Just realized I forgot to provide follow up details, I have run the command:
accelerate launch main.py --model bigcode/santacoder --task multiple-py --n_samples 5 --batch_size 5 --max_length_generation 512 --temperature 0.2 --trust_remote_code --allow_code_execution --save_generations --save_generations_path test_speed.json
and got
{
"multiple-py": {
"pass@1": 0.17888198757763973
},
"config": {
"model": "bigcode/santacoder",
"revision": null,
"temperature": 0.2,
"n_samples": 5
}
}
This looks right to me, but let me know if you can't recreate this.
Thanks for the update Claire, but I still get discrepancies compared to the original implementation, are you sure your results aren’t cached from some previous execution with the original code?
accelerate launch main.py --model bigcode/santacoder --task multiple-py --n_samples 5 --batch_size 5 --max_length_generation 512 --temperature 0.2 --trust_remote_code --allow_code_execution --save_generations --save_generations_path test_speed.json
{
"multiple-py": {
"pass@1": 0.09192546583850932
},
"config": {
"model": "bigcode/santacoder",
"revision": null,
"temperature": 0.2,
"n_samples": 5
}
}
accelerate launch main.py --model bigcode/santacoder --task multiple-py --n_samples 5 --batch_size 5 --max_length_generation 512 --temperature 0.2 --trust_remote_code --allow_code_execution --load_generations_path /fsx/loubna/code/dev/claire/new/bigcode-evaluation-harness/test_speed.json
{
"multiple-py": {
"pass@1": 0.18385093167701863
},
"config": {
"model": "bigcode/santacoder",
"revision": null,
"temperature": 0.2,
"n_samples": 5
}
}
The code looks good to me so i'm not sure either what's causing the issue. If we can't fix it we can probably stick to the original implementation since we now usually use 50 samples per problem for pass@1
computation for which the execution is fast.
I added a new lock to the test_results dictionary that everything is added to. While that is not used in the problem only version, I believe it is necessary because of how I set up the dictionaries. I am still unable to replicate your issue, but I suspect that this should help as it will make things more consistent.
For the caching idea, it is quite possible, but I have deleted the old results and regenerated. I even switched to a new virtualenv to make sure it worked. Is there another way it could be caching I am not aware of? Please let me know and I will see if clearing everything makes it work.
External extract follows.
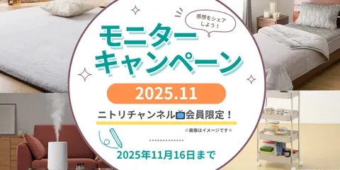 【応募終了】モニター👫キャンペーン🎁 こんにちは!ニトリチャンネル運営事務局✨虎ちゃん🐯です!ニトリチャンネル📺限定のモニターキャンペーンです!(毎月5名の方に、抽選でモニター商品をお配りし、モニターレポートをお願いしております)7月も、モニター様を募集いたします♬🤗お渡しするモニター商品の発表と、応募方法をご紹介します🙊下記対象商品の

I have run evaluation using the container setup with podman running the following two commands:
To build: podman build --file=Dockerfile-multiple --tag=evaluation-harness-multiple
To run: podman run -v /home/claire.schlesinger/bigcode-evaluation-harness/test_speed.json:/test_speed.json:z -it evaluation-harness-multiple python3 main.py --model bigcode/santacoder --tasks multiple-py --load_generations_path /test_speed.json --allow_code_execution --temperature 0.2 --n_samples 5
I got the following results:
Assembled 161 problems for evaluation, each problem has 5 completions
{
"multiple-py": {
"pass@1": 0.17888198757763973
},
"config": {
"model": "bigcode/santacoder",
"revision": null,
"temperature": 0.2,
"n_samples": 5
}
}
This was after I cleaned my cache, and you can find the generations here.
I have attempted to merge the loops for problem evaluation from a loop of problems to a parallel execution of all their completions to parallel execution of all completions. This ends up being less space efficient, but allows for greater parallelization.